# Schwann S seat re-furb



## marching_out (Apr 20, 2017)

I want to paint the pan of an S seat and wonder if anyone has tips on how to remove the vinyl cover? I think I saw some people using a heat gun or hair dryer to make it more pliable. How difficult is it?


----------



## ricobike (Apr 20, 2017)

It can be a little challenging.  I used to let them sit on the dashboard of my car in the summer and get fairly hot, then use gloves to keep from burning my hands in order to pull the cover off.  They would pull right off that way.  A heat gun would probably work too.  Just have to get it warm enough so it's pliable.  Sometimes stretching the bottom of the vinyl will discolor it a bit, but it's the bottom so you don't have to worry about it.  Maybe try it on a saddle you don't care about to get used to it.  Good luck!


----------



## marching_out (Apr 21, 2017)

Thank for the tip!

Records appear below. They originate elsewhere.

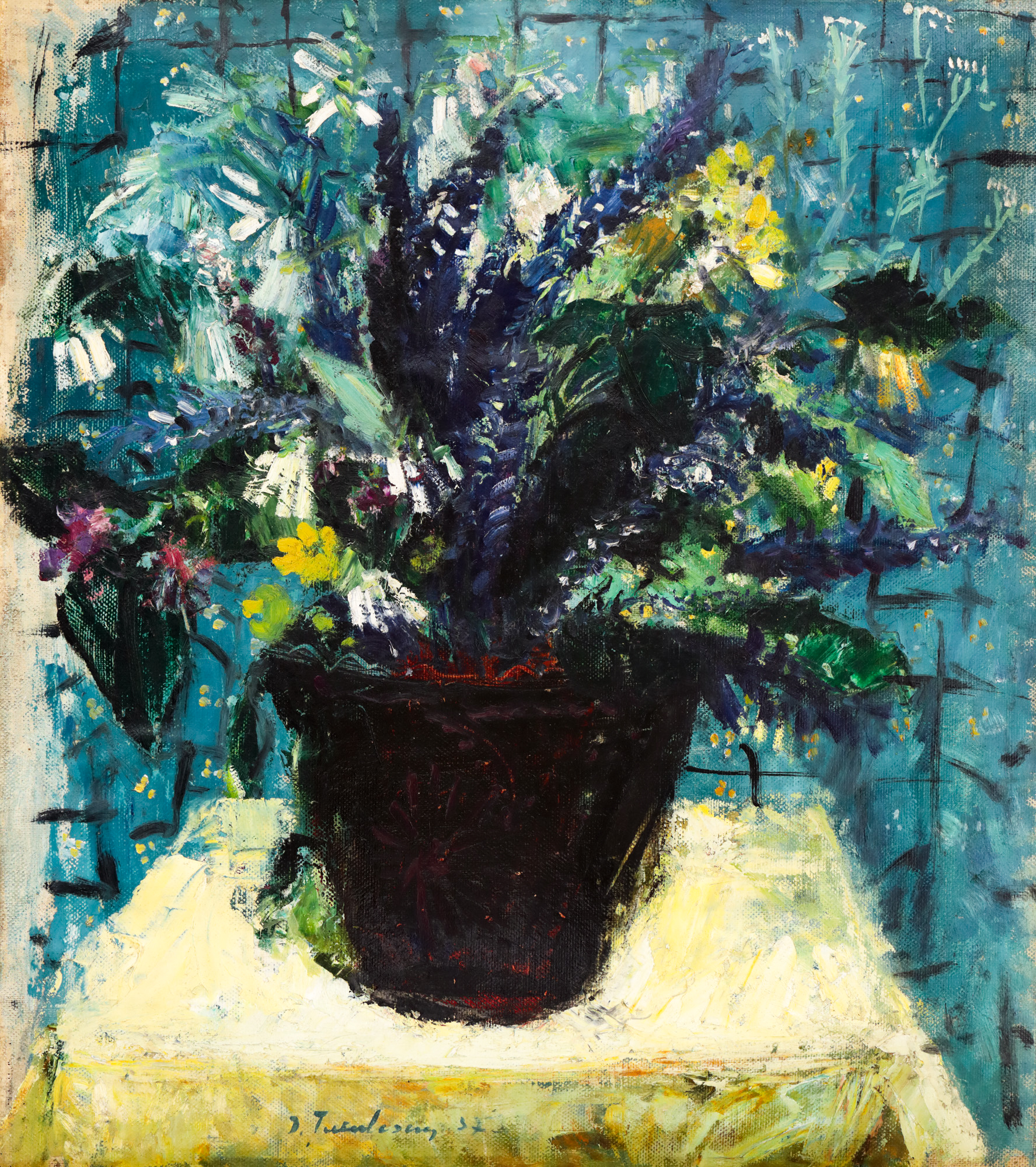 Deși deschide pentru prima dată o expoziție la Craiova la vârsta de doar 15 ani (o parte din lucrări vor fi achiziționate, iar cu banii strânși își va permite să parcurgă un periplu de studii în Italia), parcursul artistic al lui Ion Țuculescu va cunoaște o pauză îndelungată, până în jurul anului 1936, atunci când, încurajat de partenera sa de viață, va relua drumul picturii. Opera de față datează, așadar, din perioada de reîntâlnire a artistului cu pictura, perioadă profund marcată de intensitatea culorii. Țuculescu absolvă medicina ”magna cum laude” și debutează ca profesor de științe naturale. Drumul profesional ales îi va permite, totuși, să cocheteze în continuare cu pictura. Se înfățișează în postura de pictor în anul 1938, în cadrul unei expoziții personale organizate în clădirea Ateneului Român. Expoziția va stârni curiozitatea, interesul și admirația criticului George Oprescu, dar și aprecierile lui Gheorghe Petrașcu. Înzestrat cu veleitățile autodidactului efectuează studii libere, ”după natură și după maeștri”, așa cum el însuși afirmă. Își va utiliza dubla vocație, de biolog și creator, pentru a transcrie pe pânză veritabile pagini de natură cu ingeniozitatea savantului. Reface călătoriile predecesorilor săi în orientul mediteranean și în importantele capitale occidentale și recuperează, astfel, materialul vizual necesar experimentelor plastice viitoare. Se inspiră de la Petrașcu, Andreescu sau Luchian, dar se oprește și asupra unui Van Gogh sau a unui Gauguin. Spațiul său plastic, infinit și cu materializări neobișnuite, este brăzdat de o luminozitate artificială și de o cromatică brutală devenită laitmotiv. Acordurile sale ornamentale sunt încastrate în accente de negru, nuanță pe care o asimilează din lucrările lui Petrașcu. Păstrează frânturi recognoscibile ale spațiului real din care se inspiră, însă le modifică în conformitate cu stimulii proprii. De la câmpurile de rapiță ori panoramările satelor românești și până la canalele venețiene, podurile din piatră și clădirile colorate ale Italiei, Ion Țuculescu ne poartă, cu ajutorul operelor sale, printr-o binevenită călătorie în jurul lumii. Fie că lucrează în ulei, sau fie că transpune peisajul citadin în acuarelă, artistul are în vedere transformarea planșei într-un jurnal vizual al propriei sale vieți. Vasul cu flori de câmp, înfățișat în nuanțe închise, în care predominant e negrul, contrastează puternic cu fața de masă albă, dar și cu peretele în tonuri de albastru. Prezentă pe simezele mai multor expoziții, începând cu cea dintâi personală de la Ateneu și până la expoziția din 1965 de la Muzeul de Artă din Constanța ori retrospectiva organizată la Muzeul Național de Artă în 1999, opera de față a fost constant readusă în atenția publicului, rămânând o piatră de hotar pentru debutul artistic al autorului său. Ion Țuculescu rămâne în istoria artei românești drept amatorul devenit profesionist, cu o incomensurabilă putere de revitalizare a stilisticii desuete a artei populare.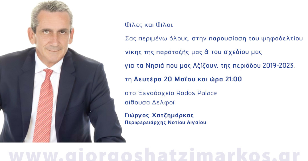 Στην κεντρική του ομιλία, που θα πραγματοποιηθεί στη Ρόδο και κατά την οποία θα παρουσιάσει το ψηφοδέλτιο και θα αναλύσει το σχέδιο του συνδυασμού του "Μπροστά το Νότιο Αιγαίο" για τα νησιά, με φόντο την επόμενη τετραετία, προσκαλεί ο Γιώργος Χατζημάρκος.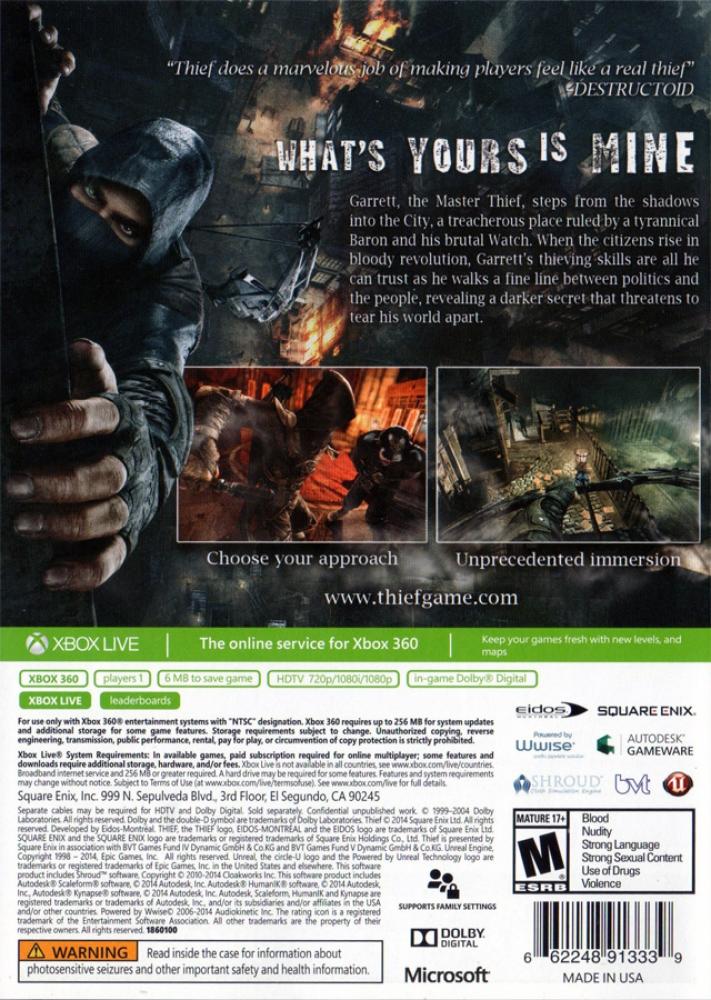 Garrett, the Master Thief, steps out of the shadows into the City. In this treacherous place, where the Barons Watch spreads a rising tide of fear and oppression, his skills are the only things he can trust. Even the most cautious citizens and their best-guarded possessions are not safe from his reach.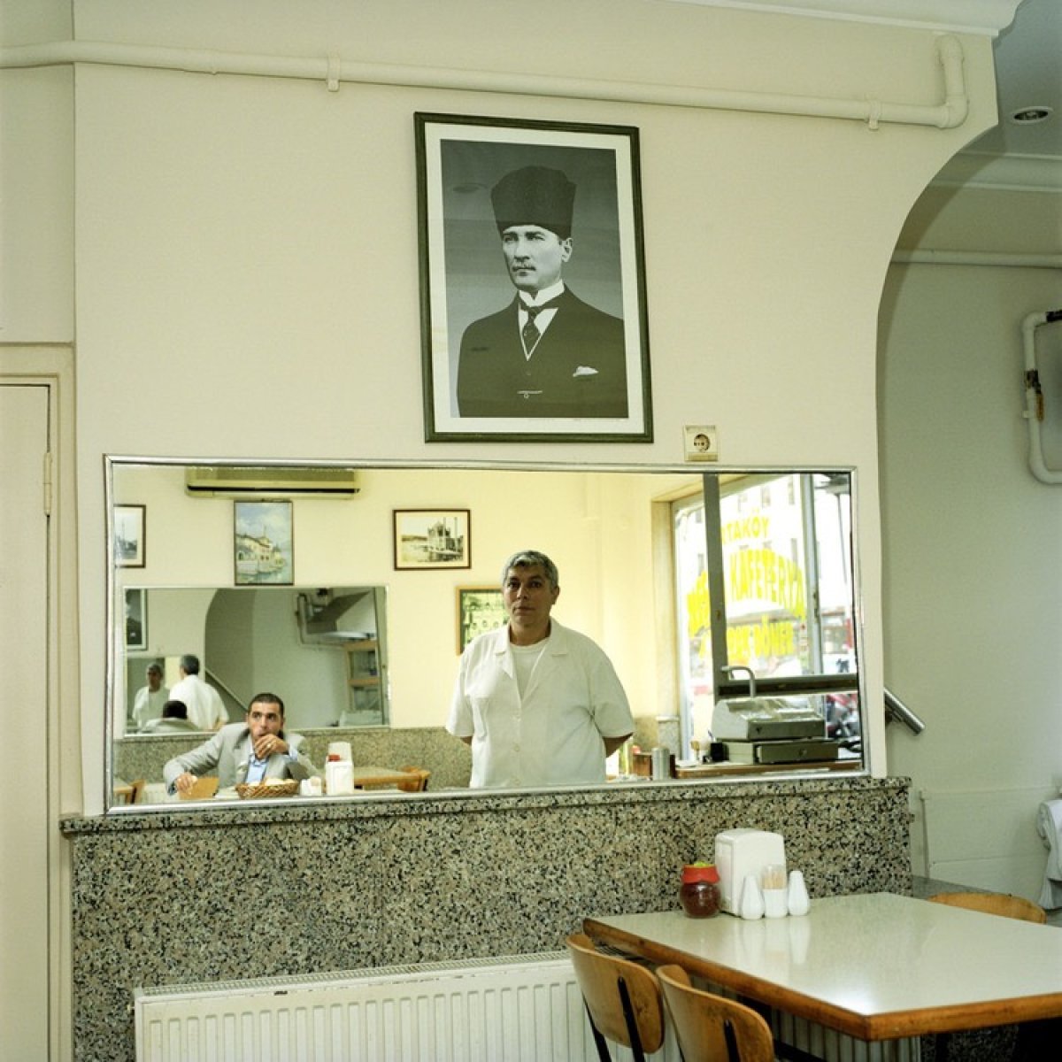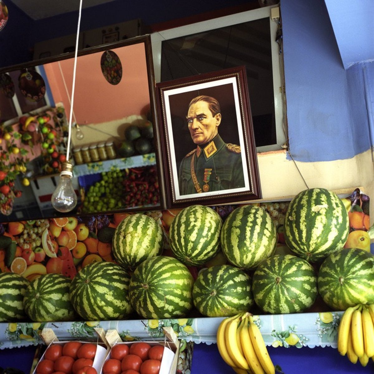 “Göz alıcı yeşil karpuz yığınlarıyla ve taze domates kümeleriyle dolu manavları hatırlıyorum ve bunların üzerinde gururla oturan bir Atatürk portresi. Tatlı pastel renkte duvarları olan kahvehanelerde zarifçe çerçevelenmiş ve yükseğe asılmış Atatürk portreleri… Tüm mekana egemen… Atatürk ayrıca kişisel aile fotoğraflarının, takvimlerin, İstanbul tabloları reprodüksiyonlarının, ticaret ve iş adamlarına ait sertifikaların yanında ortaya çıkabilirdi. İşte bu kompozisyonlar, bir iç mimari dergisinin sayfalarına kolayca yerleşebilirdi.”

I do have an extra seat I can practice on. I just need enough sun and heat now to try it. The midwest you know...75 one day 50 the next.


----------



## spoker (Apr 21, 2017)

no rivits?


----------



## fordmike65 (Apr 21, 2017)

Schwann?


----------



## marching_out (Apr 21, 2017)

No rivets. Not sure why this thing is automatically wanting to spell Schwann instead of Schwinn. I saw that after I posted and obviously didn't read before posting.


----------



## GTs58 (Apr 21, 2017)

Keep this quiet and don't tell anyone my secret way.    After removing the springs and other hardware I soak the seat in scalding hot water. It softens up the vinyl along with giving it some lubrication.


----------